Elle écouta donc sans mot dire l’explication, et ne fut pas déçue. Théorique, parfois pointue, mais jamais complètement absconse, l’énoncée en était clair, même si de là à la partager…

 C’était un pas qu’Alyria ne franchirait sans doute pas. En effet, la jedi n’était pas forcément une grande amatrice de conceptions aussi… absolues d’organisations sociales. Les années l’avaient rendu sur ce point plus pragmatique que certains de ses pairs, puisqu’elle avait une expérience du terrain certaine, allié à un goût évident pour la politique qui lui avait fait dévorer une bonne partie des traités du Temple de théorie politique. Or, c’était précisément ce qui manquait dans la vision présentée : l’Etat, ce grand absent. Sans compter que cet aspect de prédestination en aurait gêné plus d’un. Oui, en un sens, c’était le caractère parfaitement absolu de ce modèle théorique qui la gênait, et non sa construction intellectuelle en elle-même. Après tout, elle comprenait l’intérêt de se reposer sur une théorie qui, englobant tout dans un idéal parfait, rendait la réflexion plus facile, car oubliant la réalité.

Sentant qu’elle devait maintenant répondre, Alyria commença par une tactique pour le moins traditionnelle en rhétorique : la demi-approbation, ce qui signifiait concrètement ne pas rentrer directement dans l’affrontement.

« Je dois reconnaître que votre pensée a le mérite d’être formidablement structurée des plus intéressantes, intellectuellement parlant. »

Manière polie de complimenter la logique de son interlocutrice tout en soulignant poliment qu’on ne la partageait pas vraiment.

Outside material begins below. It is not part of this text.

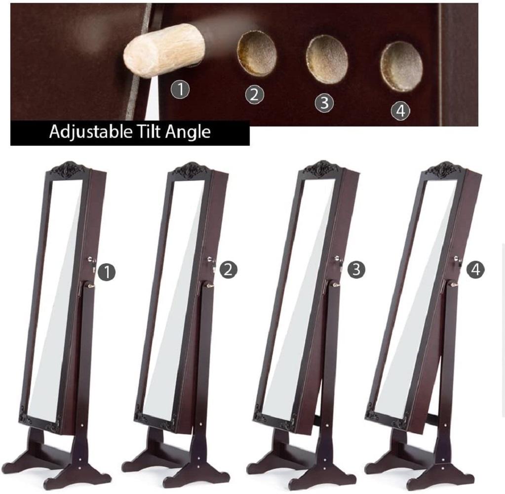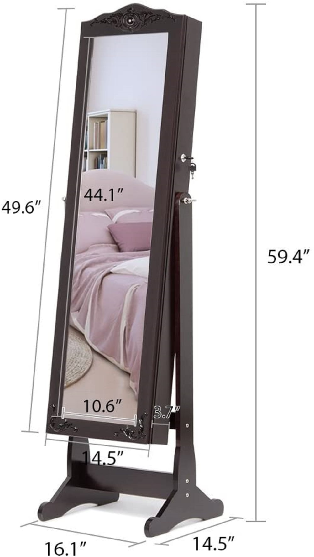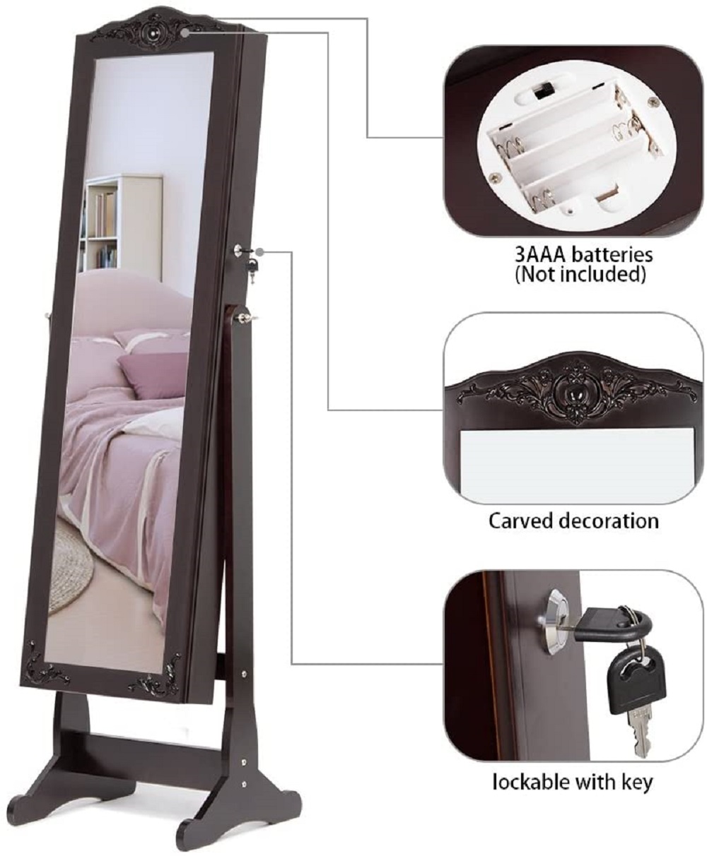 [LED Lights & Secured Storage]: Equipped with LED lights that are powered by 3 AAA batters, this mirror provides the essential brightness to help perfect your outfit. Lighting in a room is very important because it provides customers clarity and precision needed to dress up. Also equipped with a secured storage compartment, customers are able to lock their storage to prevent thefts from stealing their beautiful and expensive jewelry or other accessories. [Full-Length Mirrors]: Embedded with a 44 long mirror, this jewelry armoire mirror is designed with 4 adjustable tilted angles that will provide a wide field of vision to guarantee you look absolute best from head to toe. It is important to have a mirror that can provide a wide field of vision because it allows customers to spot flaws in their outfits or hairdo. [Large Storage Capacity]: It is important for individuals to have large storage spaces for their accessories and this mirror provides it. This mirror has 96 earring hanging slots, 78 ring holes, 36 necklace and bracelet hooks, 4 shelves, 1 pouch, 1 scarf rod, and 2 bottom drawers. This accessory storage will not damage jewelry when the door is closed. [High-Quality Material]: Made with sturdy and durable environmental MDF panels, along with smooth surfaces; This jewelry armoire has good mothproof effects with explosion-proof real glass mirror and soft velvet lining. The material used for this mirror is very durable and is expected to last a lifetime. [Easy to Assemble]: This jewelry cabinet frame is pre-assembled and you will only need to assemble the legs. This jewelry organizer is exquisite, gorgeous, and attractive. No hassle, no trouble. Specification: Overall Dimensions: 59.4″ x 16.1″ x 14.5″ Mirror Size: 44.1″ x 10.6″ Color: Dark Brown Material: MDF, panel with painting, glass, velvet Volume: Includes 96 earring hanging slots, 78 ring holes, 36 necklace and bracelet hooks, 4 shelves, 1 pouch, 1 scarf rod, and 2 bottom drawers Assembly: Easy assembly required. Product Content: 1 x Jewelry Cabinet Instructions

« En effet, cette théorie a un caractère particulièrement… total. A vous entendre, chaque être vivant aurait une place prédestinée à sa naissance et ne pourrait y échapper… Une sorte de destin en somme, dicté par ce qu’il est et une entité toute puissance définissant les rôles sociaux. Or, nous avons là un premier problème que j’aimerais relever : certes, si certains individus naissent avec des caractéristiques particulières comme une sensibilité à la Force, c’est à eux d’en faire quelque chose. Tous les jedis n’accomplissent pas les mêmes choses, et nos choix peuvent être en partie guidés par nos capacités premières, mais aussi et surtout par nos goûts personnels, nos appétances, et tout simplement des traits que nous développons sans forcément avoir une prédisposition pour cela. Nul n’a un code génétique qui le programme intégralement : nier la capacité d’un être à obtenir des savoirs qu’il n’a pas à la naissance, et vers lesquels il ne se serait pas tourné de prime abord, c’est nier tous les effets de la culture et de l’enseignement. Nul besoin d’être d’une intelligence particulièrement extraordinaire pour devenir un historien exceptionnel, ou un xeno-biologiste renommé : le travail et la détermination conditionne beaucoup plus la réussite.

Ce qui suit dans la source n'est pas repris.